Была середина февраля. Шёл только второй месяц, как он с семьей «вернулся на свой Алтай». Там, в Средней Азии, (сестра писала, да и сам знал из опыта)  – погода баловала оттепелями, а здесь дули ветры, и морозы никак не хотели признать, что пора бы уже сбавлять потихоньку. Но ему было в чем ехать: двоюродный брат Михаил Гаврилович (они с ним ровесники), выделил «возвращенцу» на первое время свой овчинный полушубок с дубленым верхом. То – демисезонное серое суконное пальто, в котором Николай приехал (переезд был спонтанным) – не годилось для сибирских морозов. В Киргизии остались мать, отец, сестра с братом, но он чувствовал, что поступил правильно. Не в смысле какого-то  хитрого экономического хода, материальной выгоды – для души правильно. Там у них всё было как будто в порядке. И с карьерой: он директором ПТУ работал, жена детским садиком заведовала. Дети ходили в школу… Но все эти десять лет, после того, как они «проездом» из Владивостока, «на время», остановились у родителей – постоянно давило на него и не давало покоя беспокойное чувство временности, непостоянства своего обустройства. Он чувствовал себя чужим в азиатской стране, с укладом жизни в которой не успел свыкнуться за те четыре года до поступления в мореходку, ещё мальчишкой, и тем более – потом, уже взрослым, семейным человеком. Хотя в Киргизии он окончил университет и стал педагогом (профессия морского штурмана на берегу была, мягко говоря, не совсем востребованной), и перспектива на будущее, казалось, прорисовывалась неплохая. Но уж очень глубоко и крепко в памяти засели милые сердцу события и картины из детства, манила, настойчиво звала – требовала к себе малая родина. Тут ещё последние события… – как чувствовал он, торопился. И действительно, не успели вещи разобрать, переехав, – распался нерушимый союз, и в одночасье оказались они с родителями, сестрой, братом и племянниками гражданами разных государств.
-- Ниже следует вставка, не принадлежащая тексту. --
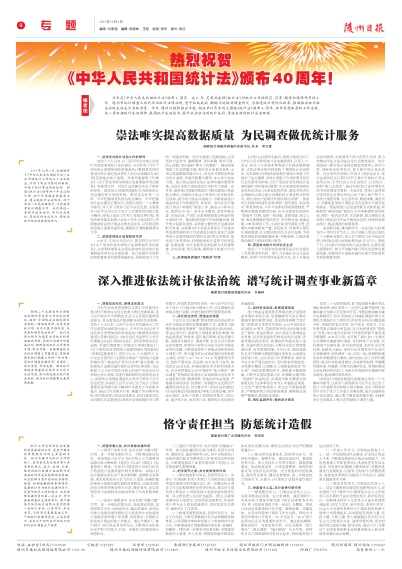 (一)聚焦靶向发力,引领法治宣传入人心。坚持多维普法思路,在日常调查、基层调研中,实现向统计调查对象发放《统计法律事务告知书》和《致国家调查户的一封信》全覆盖,把统计法治宣传渗透到任务布置、数据采集、质量复核、业务培训等统计调查工作全过程。同时充分利用中国统计开放日、“12·4”宪法日、“12·8”统计法颁布纪念日等重要时间节点,通过悬挂横幅、播放宣传片、发放宣传手册、向公众推荐“统计微讯”“湖北调查”“随州调查”公众号等,将传统方式与网络媒体有机结合起来,持续推进统计法治宣传工作。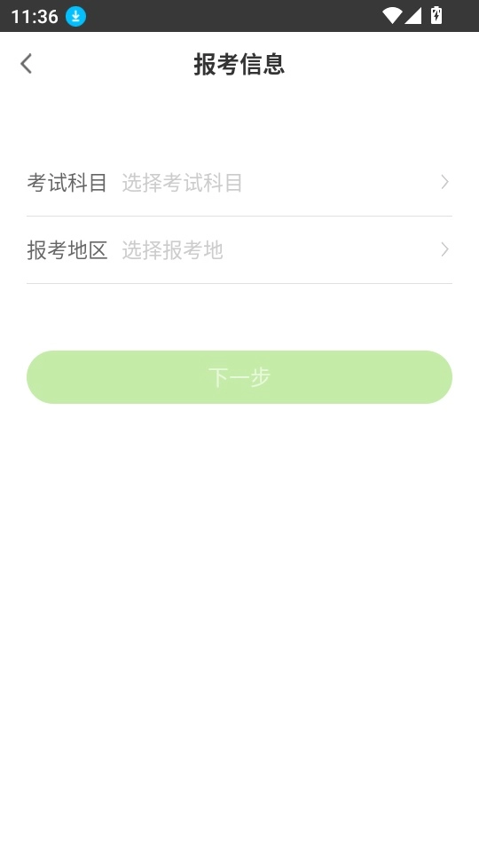3、进入报考信息界面后,即可选择所需的考试科目与报考地,随后点击“下一步”按钮开展后续操作。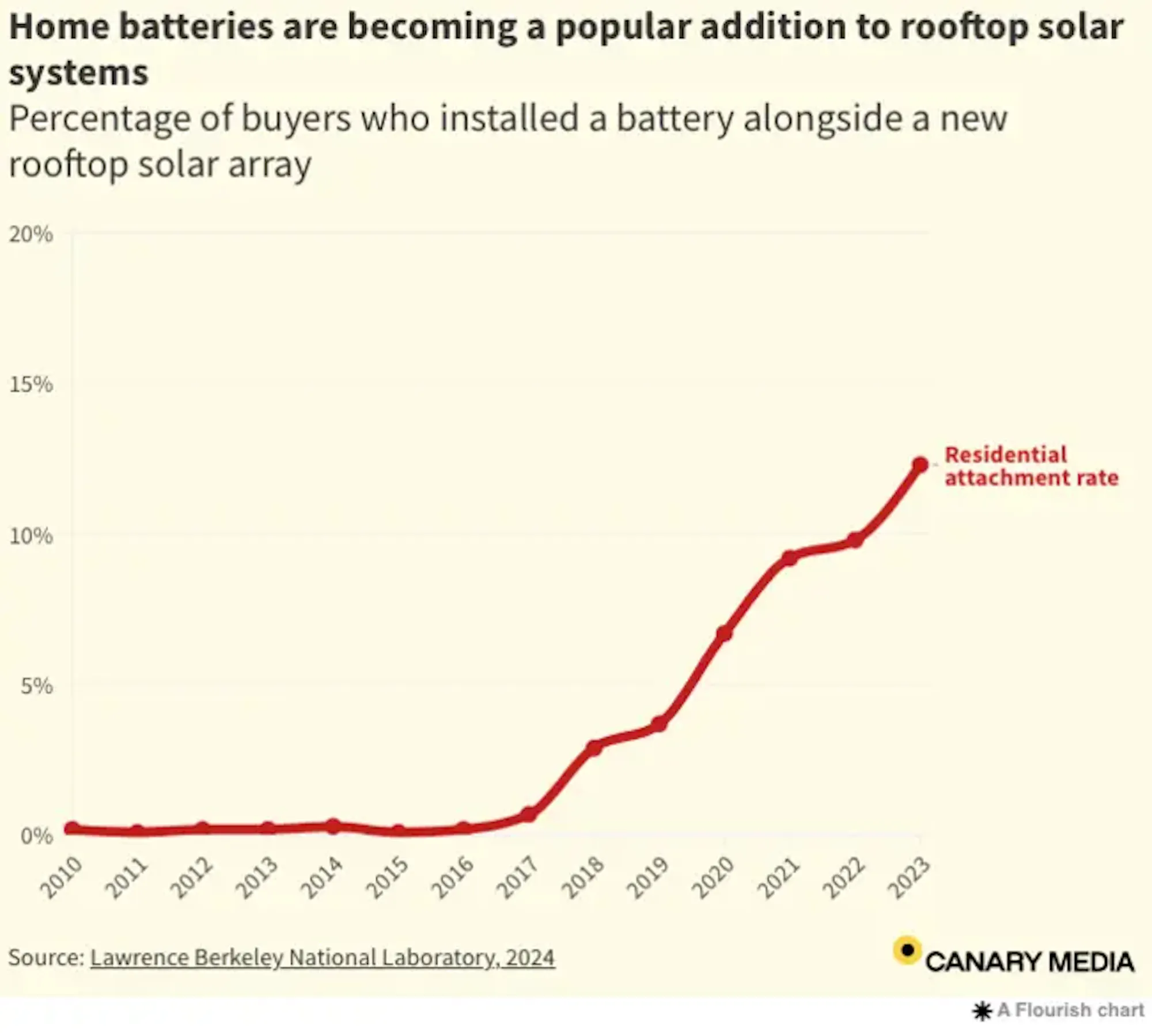Canary Media: "Chart: More and more rooftop solar buyers are adding home batteries." The proportion of people who install a backup battery in conjunction with rooftop solar is ramping up impressively in the U.S., according to a new report from Lawrence Berkeley National Laboratory or LBNL  The so-called 'residential attachment rate' was less than 10% in 2022, then 12.3% last yr, but projected to reach 25% this yr.  Unexpectedly, the country's rooftop solar market was impacted—mainly by policy changes in California—as "the Golden State’s net-metering program took effect, slashing the rate at which rooftop solar owners could sell surplus power to the grid but boosting the value of batteries, which enable homeowners to save their solar power for the times when it’s most valuable." Thus solar installations are projected to fall 19% this yr while the attachment rate in California rose to 14% last yr. But policy is not the only driver. "Extreme weather events, made more frequent by climate change, are increasingly threatening grid reliability." Furthermore, batteries continue to become more affordable. "And rising utility rates are making the economics of solar-plus-storage more attractive to homeowners." Cost of electricity is especially a factor in Hawaii, which had the country's highest charges last yr, but also the highest residental battery installation rate, at 95%. "Big, utility-scale battery projects are being built across the nation at a rate that would have been hard to fathom just a few years ago." But these new data from the LBNL show a similar upward progression for home battery systems, too. We built a new home in 2019 with solar + batteries, which allowed us to weather 6 brief grid outages this yr already.  Resilience should be the organizing principle, at both local + grid level.

Ночь перед поездкой Николай провёл в волнительном ожидании встреч. Вспоминал поразившую его своей трогательностью картину общения тётки Лушки и отца  – полтора года назад вдвоем с ним они приезжали на Алтай. В гости, но он-то уже примеривался, присматривался. На даче двоюродной сестры Зины, на земляничных грядках, куда хозяева выпустили их «попастись», восьмидесятилетняя старушка-«мамка», собирала в ладонь спелую, красную ягоду и, не ев сама ни одной – «я ею уже объелась», кормила шестидесятилетнего «младшенького». Её «братка» сидел на земле, опершись сзади руками в землю, и покорно, как птенец в гнезде, открывал рот и слизывал, подобно маленькому теляти, с высохшей морщинистой руки сестры сладкие сочные ягоды. При этом они почти не произносили слов, но в то же время создавалось полное впечатление беседы – с продолжительными монологами, вопросами и переспросами встречными взглядами. Будучи на целое поколение младше сестры, Алешка, естественно, воспринимался ею скорее сыном, чем братом. Она в свою очередь долго почиталась маленьким Алексеем как вторая мама. Это, по-видимому, осталось между ними навсегда.
Николай вспомнил, как смешно тогда тётка Лушка делилась с остальными впечатлениями о своей поездке в Киргизию.
  – А что у вас там хорошего? Одни лягушки.
  – Лягушки, – веришь, нет? – обращалась она к хохочущим Вале и Зине, – вот та-аки-ие зда-а-ро-овые, – вытягивала она вперёд руку на высоте не меньше полуметра. – Со стулку прямо! – И тётка Лушка указывала на стоявшую рядом тяжёлую табуретку.



 До Новоалтайска он доехал поездом, там пересел в электричку и уже за полдень сошел на заснеженный перрон станции Заринская. Оттуда на машине  его доставили в село Сорокино, к небольшому дому, где доживала свой век тётка Лушка. Боковым взглядом угадывая в стоявших на улице людях того или иного родственника и ощущая при этом радостные толчки взволнованного сердца, – но с вами потом, потом, сейчас надо вот сюда, – он вместе со своими спутниками вошёл в избу. В небольшой горнице пятистенка, где стоял гроб, воздух был спертым и тяжелым от большого количества народа и долгого горения восковых свечей. Уже улавливался пока ещё слабый  запах тления, хотя дверь практически не закрывалась. Люди беспрестанно входили и выходили. Старушки в чёрных одеяниях то присаживались при гробе на стулья и табуретки, то вновь вставали, читали и пели хором и поочерёдно. Скоро он весь оказался поглощенным атмосферой причастности к первоистокам старинной русской культуры.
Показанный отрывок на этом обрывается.